Salade Lyonnaisey Recipe
This is a riff on the traditional salade lyonnaise, which is a green salad with lardons, croutons, and a poached egg. In our version, pancetta slices replace the lardons, one big crouton steps in for smaller croutons, and the salad is topped off with a little sherry vinegar. This dish is typically served as a starter, but it also works well as a light meal.
What to buy: Purchase high-quality pancetta from a gourmet store or your local butcher and have it cut to order. Otherwise, make your own pancetta and use some of it in this salad.

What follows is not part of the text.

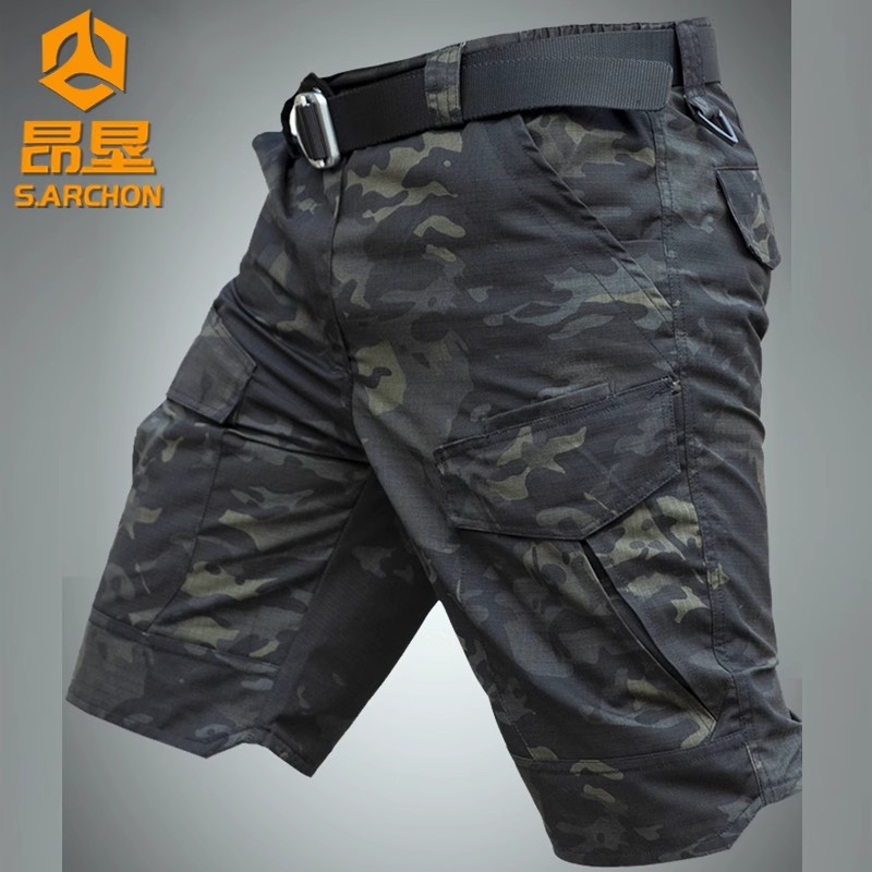 Angken 여름 전술 바지 남성용 속건성 군용 위장 반바지 멀티 포켓 야외 작업복 반바지 5부 바지 방수

Game plan: This is one of those salads that you make and eat right away because the warm dressing wilts the greens slightly. If you want to eat it later, you can make the croutons and poached eggs up to 2 days ahead and finish the rest of the recipe when you’re ready. To reheat the poached eggs, place in gently simmering water for a few minutes until heated through.
Also, the fresher the eggs are when you poach them, the better the whites will hold their shape.
This recipe was featured as part of our How to Make Pancetta story.
- 4 (1/2-inch-thick) slices country bread, such as pain au levain or ciabatta
- 3 tablespoons extra-virgin olive oil
- 1 medium garlic clove, peeled
- 4 teaspoons distilled white vinegar
- 4 large eggs
- 4 (1/8-inch-thick) slices pancetta
- 2 heads frisée, washed and torn into large pieces
- 1/4 cup sherry vinegar
- Heat the oven to 350°F. Rub both sides of the bread slices with 1 tablespoon of the olive oil and the garlic clove, and season well with salt and freshly ground black pepper. Place on a baking sheet and toast until golden brown, about 10 minutes.
- Meanwhile, bring about 2 quarts (at least 2 inches) of water to a simmer in a medium pot and add the vinegar. Break each egg into a separate small cup or ramekin. Gently slide the eggs into the simmering water, one at a time. Cook until the whites are just set, about 3 minutes. Lift the eggs out of the water with a slotted spoon. Place in a bowl of warm water to keep warm while finishing the salad.
- Heat a large frying pan over medium-low heat. Cook the pancetta slices until they’re golden brown and crisp on one side, about 5 minutes. Flip and repeat. Remove to a plate lined with paper towels to drain. Discard all but 2 tablespoons of the bacon fat. Add the remaining 2 tablespoons olive oil and warm over low heat. Place frisée in a large bowl and pour the warmed bacon fat and olive oil over it; toss well. Season with salt and freshly ground black pepper.
- Add sherry vinegar to the frying pan and reduce by half, about 3 minutes. Remove from heat.
- Remove the poached eggs from the warm water and blot dry. Divide the frisée among four dishes; top with a slice of crouton toast, a pancetta slice, and a poached egg. Drizzle reduced vinegar over the salads and season well with salt and freshly ground black pepper. Serve immediately.
Beverage pairing: Patient Cottat Sauvignon Blanc, France. This wine from around the region of Sancerre in France is simple and zippy, which makes it a great match for this simple but highly flavorful salad. The high acid and green apple and melon notes will handle the vinegar, while the wine’s pleasantly tangy edge will mollify the bitterness of the frisée and the saltiness of the pancetta.